India was then part of the British Empire and the reigning monarch was King
Emperor (or Queen Empress) of India too. The part of northern India that is
now Pakistan, particularly the districts of Jhelum, Chakwal, Attock,
Rawalpindi and parts of Gujrat, were the main recruiting areas from which
the bulk of the soldiery came, with most young men joining the forces,
particularly the Army, as their fathers and grandfathers had done before
them. These young men fought for the Empire in every theatre of the war, and
were wounded or gave their lives in service to the Crown just like everybody
else. I accidentally came upon a British war cemetery while driving across
Italy some years ago and saw graves of soldiers from Pakistani villages that
I knew; I was particularly moved when I saw graves of soldiers from my own
regiment.

So the fact is that Indian Army and other Services officers and men
sacrificed as much for the British Empire as did their British colleagues. A
large part of the Pakistani Army is still made up of soldiers recruited from
those same areas from where came the soldiers who became prisoners of the
Japanese. The fact is that whilst there are no more than two thousand or so
of those veterans or their widows still living, their male progeny numbering
in the many, many thousands serves in the armed forces of Pakistan today.
Some months after the U-turn, 9/11 happened, and Pakistan was once again
called upon to be a frontline state for the Great Powers, its army being in
the very vanguard, its government besieged by religious bigots for being
anti-Islam.

And what is the bottom line?
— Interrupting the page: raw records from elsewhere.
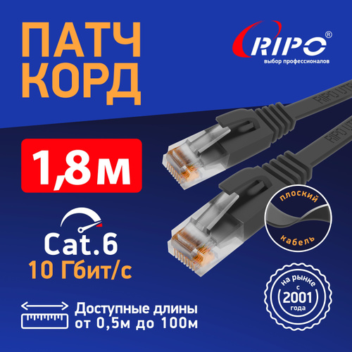 Плоский патч-корд 1,8 метра Cat6, кабель для интернета RJ45, витая пара UTP, до 10 Гбит/с, для роутера/ПК/ТВ/ноутбука, черный, многожильный LAN-кабель, 4 пары, RIPO
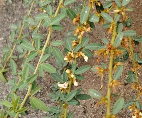 荚果斜倒卵形,稍扁,长约10毫米,宽约5毫米,表面具网纹,密被短柔毛。花期7-9月,果期9-10月。
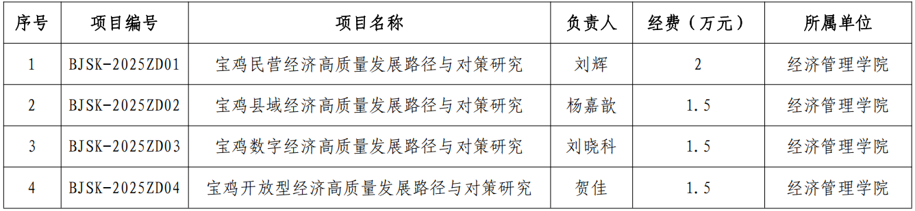 近日,宝鸡市社会科学界联合会公布了宝鸡市“县域经济、民营经济、开放型经济、数字经济”重点课题立项结果,我校获批4项,经费合计6.5万元。(科研管理处 文/张蕴 审核/王晓玲)
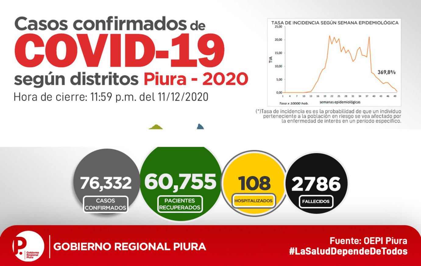 ERP. La Oficina de Epidemiología de la Dirección Regional de Salud de Piura informó que al 12 de noviembre 00 horas los casos confirmados de Covid-19-en la region son 76,332 en tanto que los fallecidos por la enfermedad suman 2,786, es decir 9 más en relación al reporte anterior. Con estas defunciones, la situación sube a 3.65% un porcentaje elevado en relación a otros departamentos.
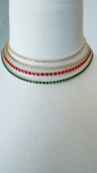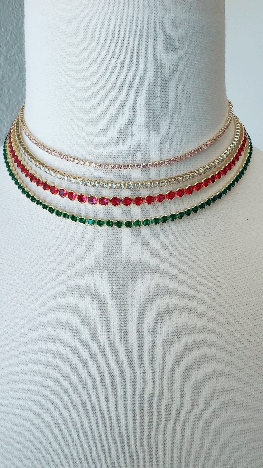 Indulge in the luxurious world of fashion with our Tennis Chokers. The assortment of colors offers a sophisticated touch to any outfit. With an adjustable design, it offers a flawless fit for any neck. Elevate your Style and make a statement with these elegant chokers.
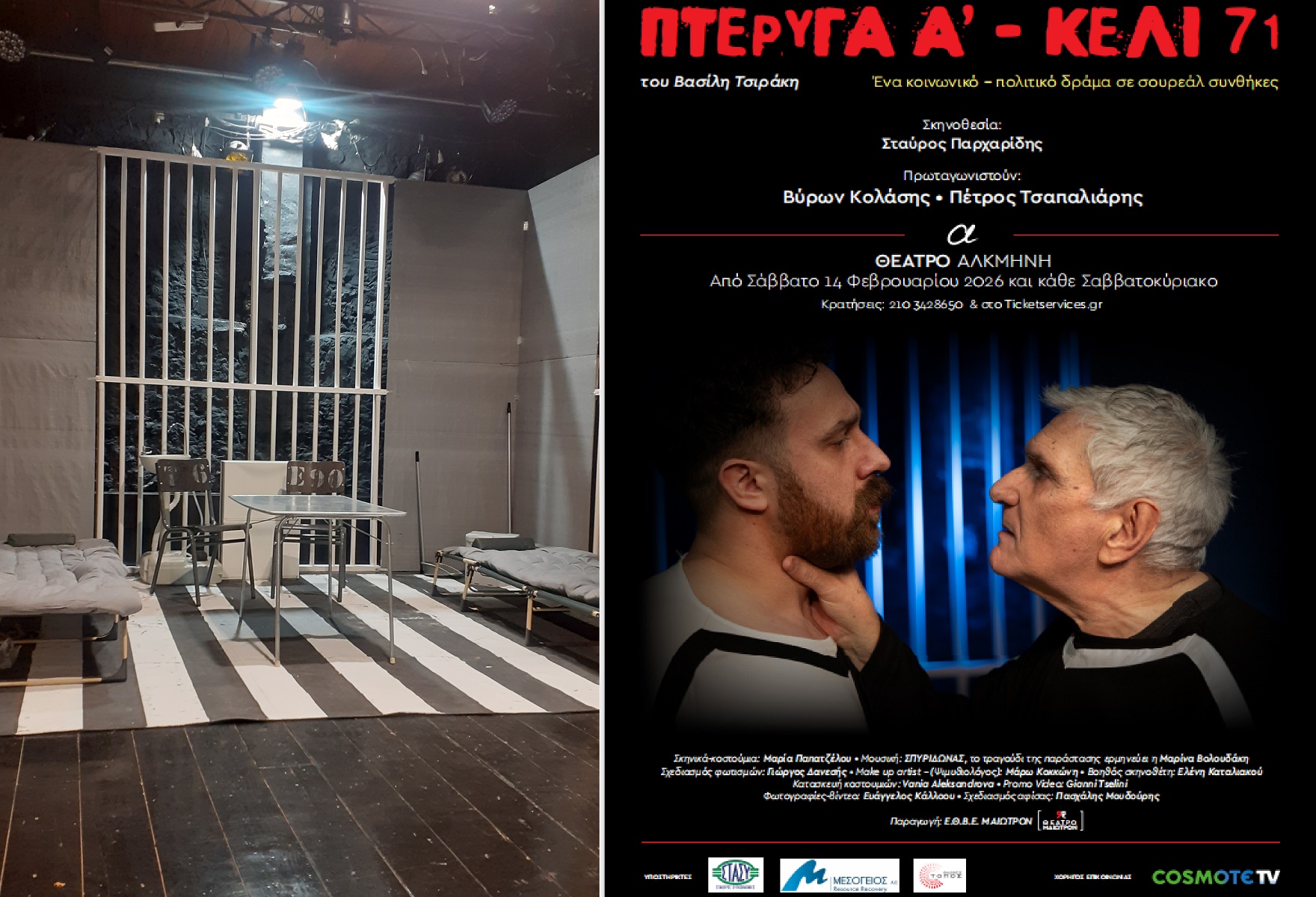 Από το Σάββατο 14 Φεβρουαρίου στο Θέατρο Αλκμήνη και κάθε Σάββατο στις 21:30 και Κυριακή στις 18:00, θα παρουσιάζεται η παράσταση «Πτέρυγα Α’ – Κελί 71», του Βασίλη Τσιράκη, σε σκηνοθεσία Σταύρου Παρχαρίδη.
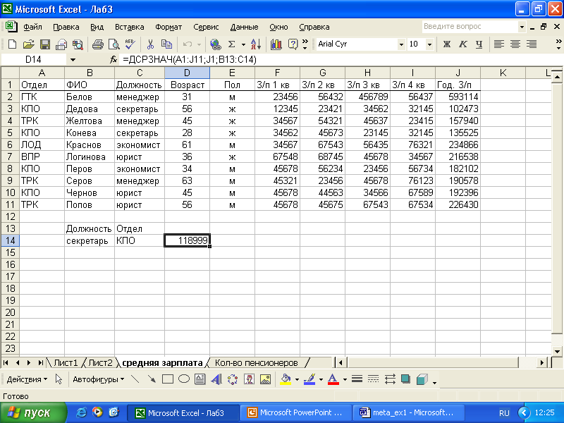 В пункте c) требуется подсчитать зарплату секретарей в отделе КПО (за год). Здесь опять будет двойной критерий, но по полям Должность и Отдел. Чтобы подсчитать среднюю зарплату воспользуемся Д-функцией ДСРЗНАЧ(). В качестве второго параметра Д-функции выступает столбец J, в котором определена годовая зарплата сотрудника (см. рис.11).
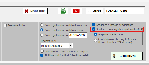 Attivando questa opzione, il programma genera in automatico una scadenza all’interno dello scadenzario, utilizzando le informazioni contenute nel file XML della fattura elettronica.

Consider what Britain is spending in Iraq as
America’s Tonto (most un-PC, I know, but illustrative), a measly 24- or 25
million pounds. Can you even begin to imagine the amount of goodwill that
would be generated in the Pakistani armed forces when young soldiers and
airmen and sailors see their grand- and great-grandfathers and -mothers
cared for and comfortable in their declining years, because of the gratuity?

The fact certainly is that if the debt owed to these aged and debilitated,
sick and very poor ex-servicemen or their widows was paid as promised,
Britain, and therefore the West, would be seen as good and solid friends by
the common people of this country. The mullah would not be so loud then. But
is anyone in the British government listening? Do they care at all for what
lay people, let me repeat myself, think of them when our leaders bow and
scrape to them endlessly for their very own purposes? Incidentally, has the
Pakistani government protested to the Brits about the U-turn? Have they
explained that this just makes the job of being the West’s pawns that much
more difficult? I’ll bet they haven’t, petrified as they are of the Sahib
Log.

For those who want to help, please call Gordon Hextall, chief executive of
the War Pensions Agency, and show your disgust, at: 00-44-800-169-2277
(readers in the UK can call toll free at: 0800-169-2277), or email him at:
[email protected]

The writer is a retired army officer and a freelance columnist

Re: For those from Pakistani & Indian Military families

My grandfather served in British Army and faught wars in Burma, thailand and singapore. use to tell us stories when we were kids. i want to find out details about where he actually faught. by searching on net, i could only find that he was part of Punjab regiment.